### Recorded information
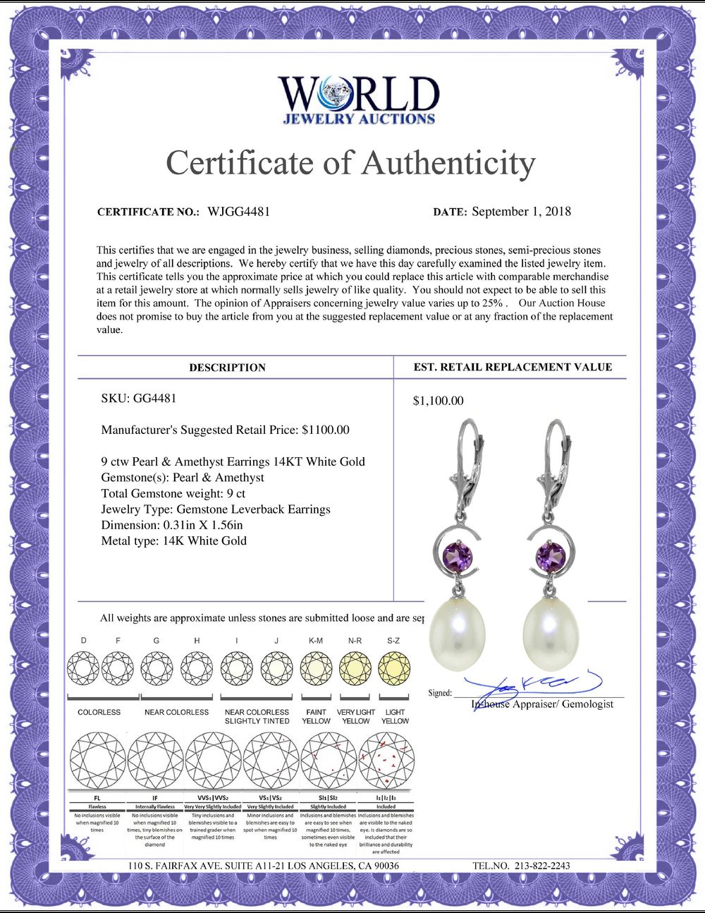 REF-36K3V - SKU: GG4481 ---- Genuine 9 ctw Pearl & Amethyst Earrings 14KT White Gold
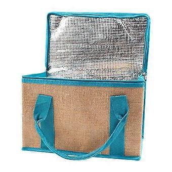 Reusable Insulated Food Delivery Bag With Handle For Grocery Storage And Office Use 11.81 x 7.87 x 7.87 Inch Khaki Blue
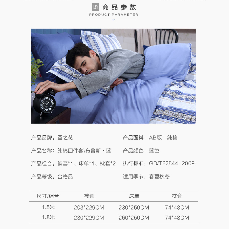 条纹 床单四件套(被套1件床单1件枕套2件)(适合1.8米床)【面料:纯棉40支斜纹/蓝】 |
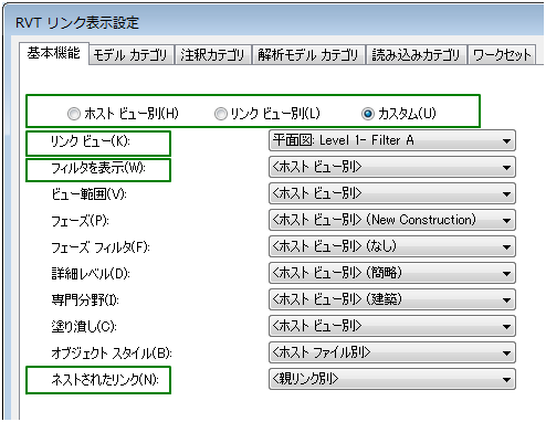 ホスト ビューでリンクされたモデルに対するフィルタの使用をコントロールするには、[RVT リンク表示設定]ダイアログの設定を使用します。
---
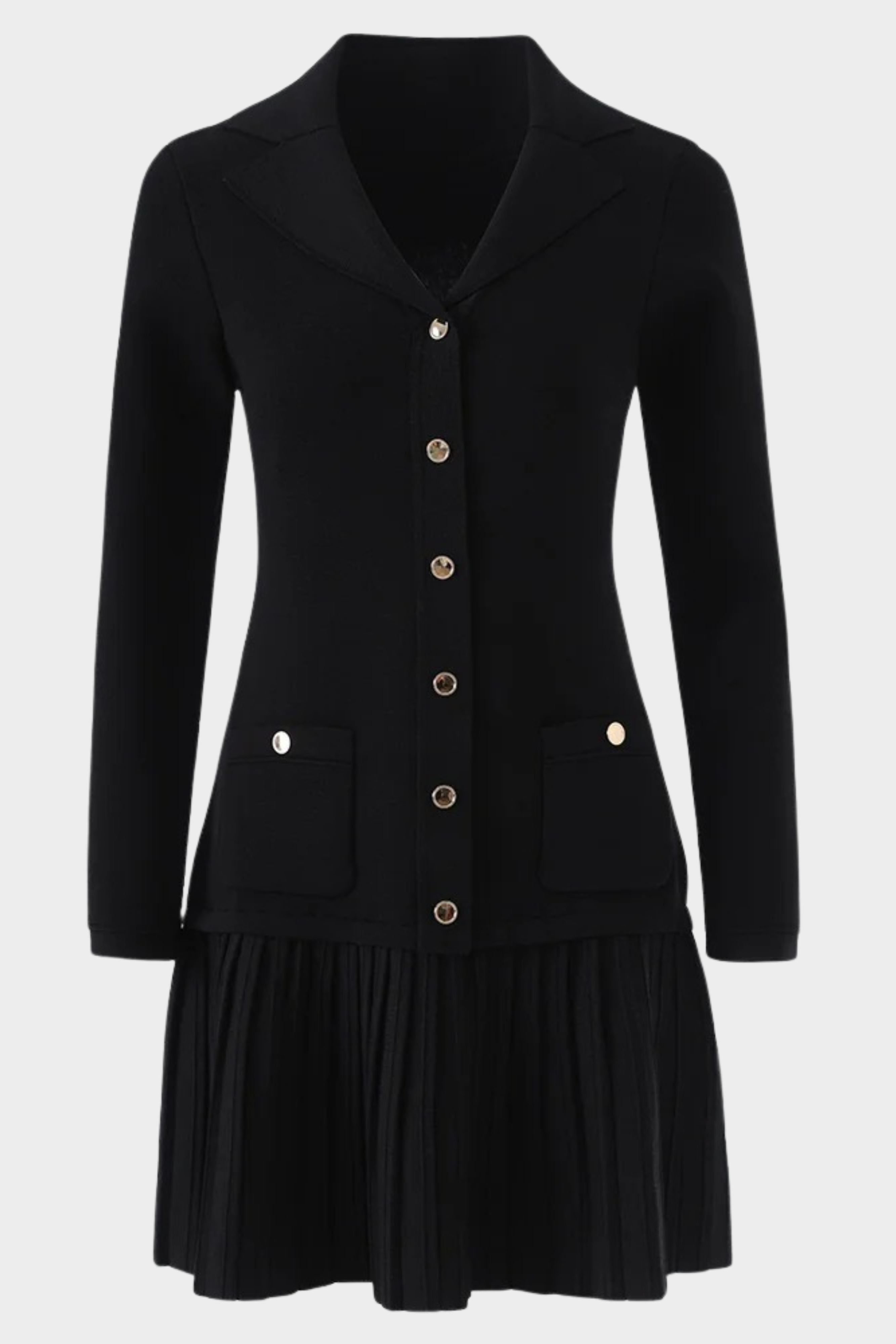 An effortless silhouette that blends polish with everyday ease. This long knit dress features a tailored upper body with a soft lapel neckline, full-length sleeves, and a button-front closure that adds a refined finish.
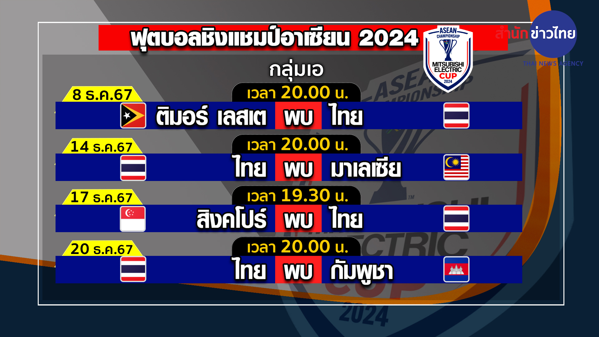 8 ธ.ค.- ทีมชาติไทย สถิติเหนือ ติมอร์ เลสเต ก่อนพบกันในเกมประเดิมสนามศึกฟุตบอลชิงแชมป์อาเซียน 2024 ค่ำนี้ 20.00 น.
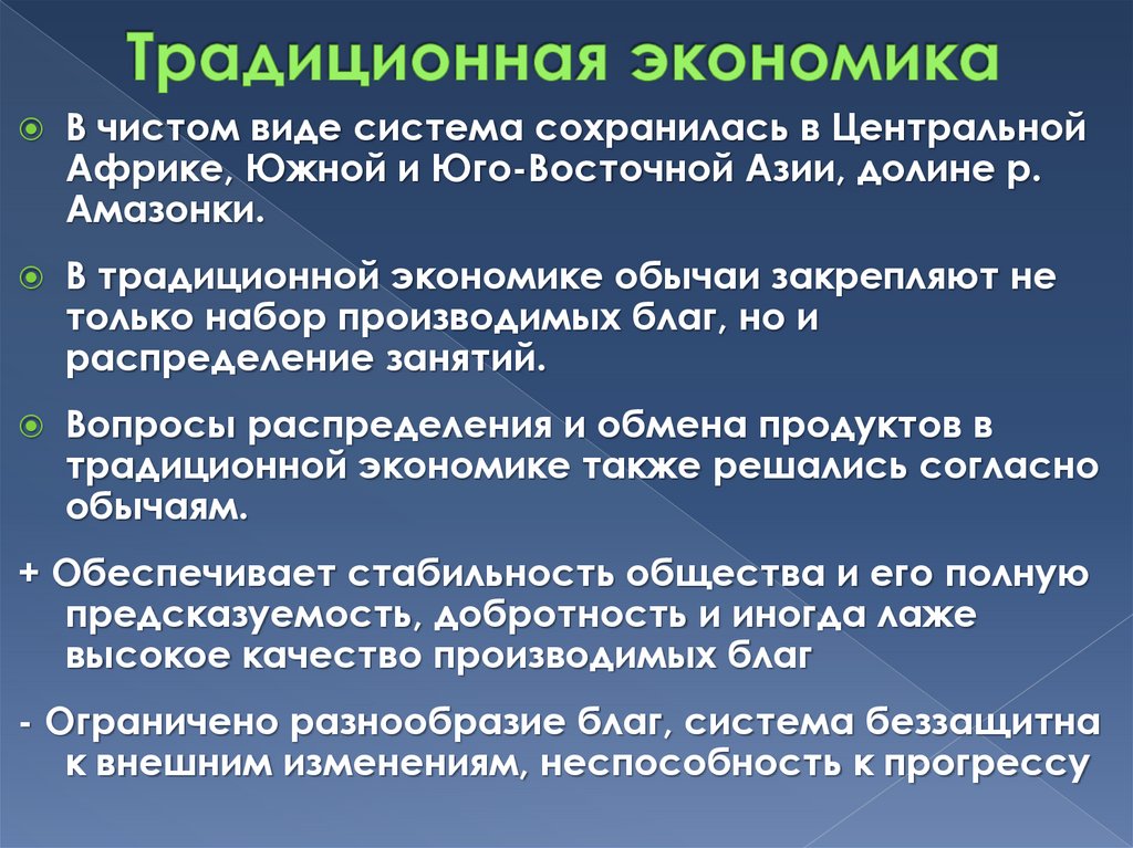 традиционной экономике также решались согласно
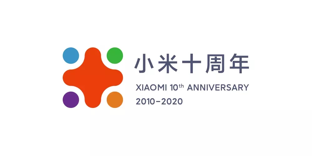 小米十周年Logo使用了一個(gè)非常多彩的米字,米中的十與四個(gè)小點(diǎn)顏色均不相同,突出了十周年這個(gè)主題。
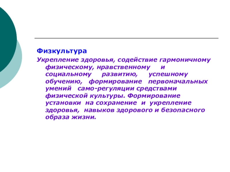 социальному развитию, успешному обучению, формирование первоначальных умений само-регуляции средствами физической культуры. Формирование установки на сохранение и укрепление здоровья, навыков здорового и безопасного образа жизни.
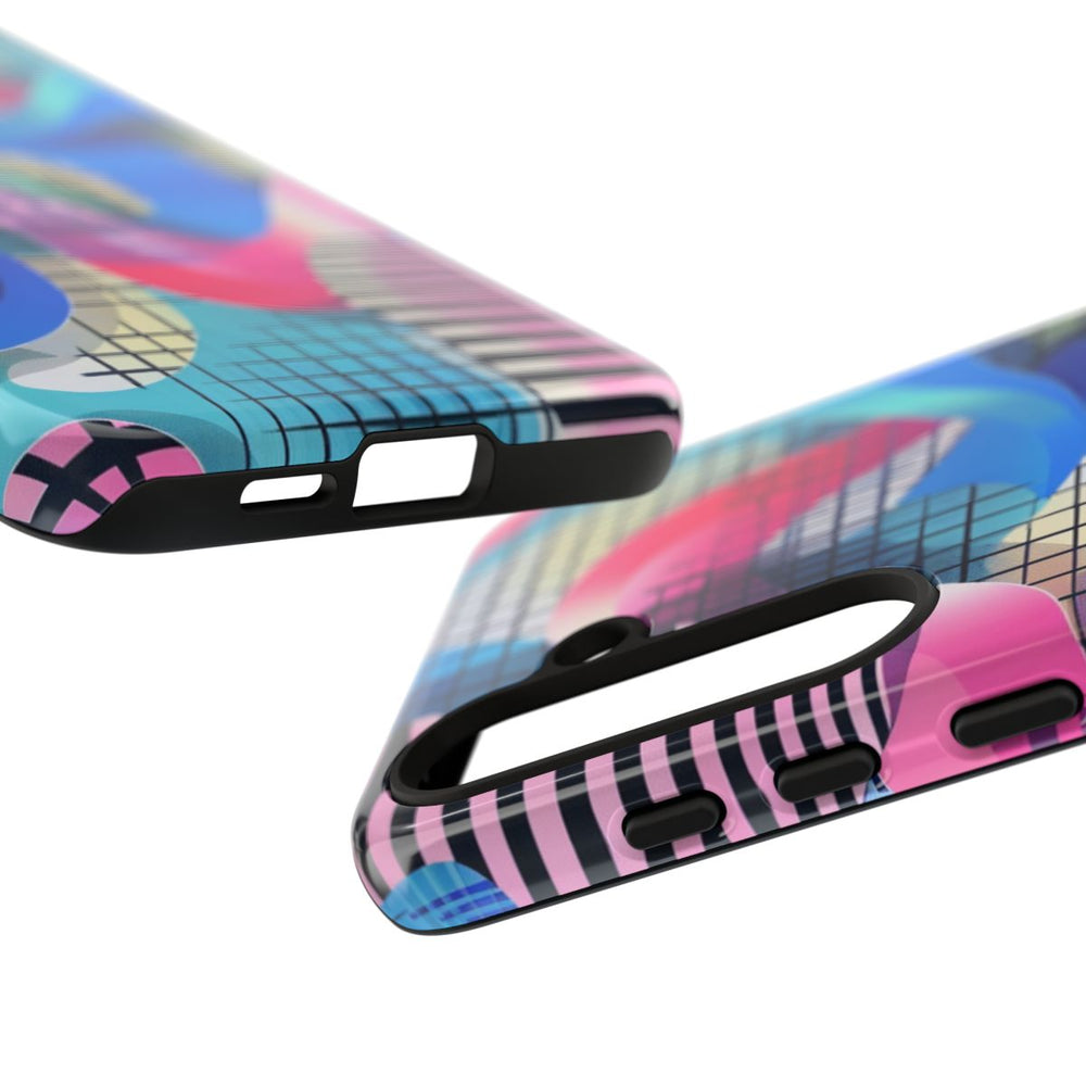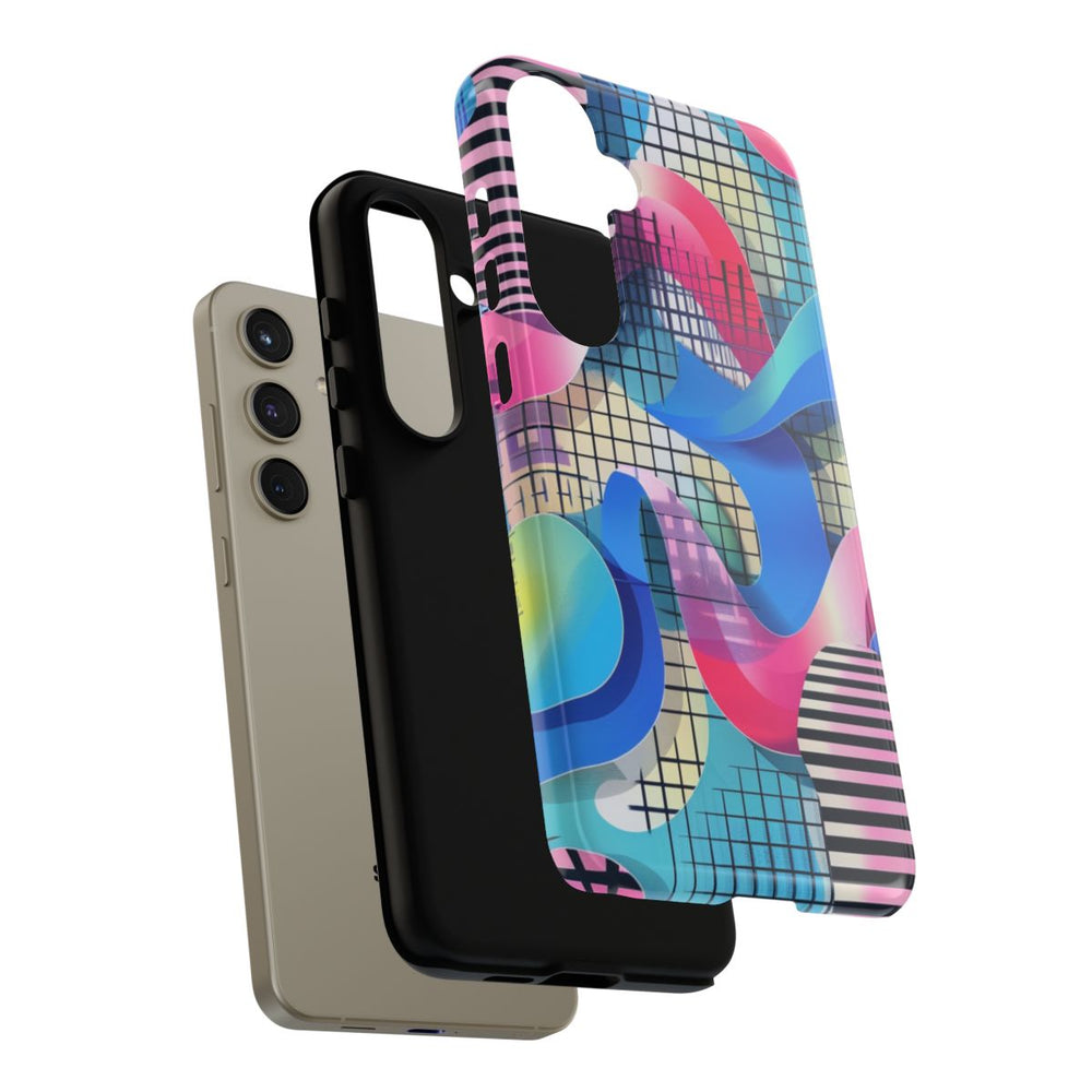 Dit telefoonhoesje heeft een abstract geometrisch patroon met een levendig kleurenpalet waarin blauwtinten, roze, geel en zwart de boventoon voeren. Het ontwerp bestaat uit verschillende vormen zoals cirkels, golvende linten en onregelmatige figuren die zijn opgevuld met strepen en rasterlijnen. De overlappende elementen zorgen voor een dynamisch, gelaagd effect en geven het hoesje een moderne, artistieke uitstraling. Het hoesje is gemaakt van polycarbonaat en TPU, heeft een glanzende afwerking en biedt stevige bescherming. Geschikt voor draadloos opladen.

### Assigned task
Using the records above, return verbatim only the part that opens with the line containing "8 ธ.ค.- ทีมชาติไทย" and closes with the line containing "Dit telefoonhoesje heeft"; pictures stay out.

### Solution for this exercise
 8 ธ.ค.- ทีมชาติไทย สถิติเหนือ ติมอร์ เลสเต ก่อนพบกันในเกมประเดิมสนามศึกฟุตบอลชิงแชมป์อาเซียน 2024 ค่ำนี้ 20.00 น.
 традиционной экономике также решались согласно
 小米十周年Logo使用了一個(gè)非常多彩的米字,米中的十與四個(gè)小點(diǎn)顏色均不相同,突出了十周年這個(gè)主題。
 социальному развитию, успешному обучению, формирование первоначальных умений само-регуляции средствами физической культуры. Формирование установки на сохранение и укрепление здоровья, навыков здорового и безопасного образа жизни.
 Dit telefoonhoesje heeft een abstract geometrisch patroon met een levendig kleurenpalet waarin blauwtinten, roze, geel en zwart de boventoon voeren. Het ontwerp bestaat uit verschillende vormen zoals cirkels, golvende linten en onregelmatige figuren die zijn opgevuld met strepen en rasterlijnen. De overlappende elementen zorgen voor een dynamisch, gelaagd effect en geven het hoesje een moderne, artistieke uitstraling. Het hoesje is gemaakt van polycarbonaat en TPU, heeft een glanzende afwerking en biedt stevige bescherming. Geschikt voor draadloos opladen.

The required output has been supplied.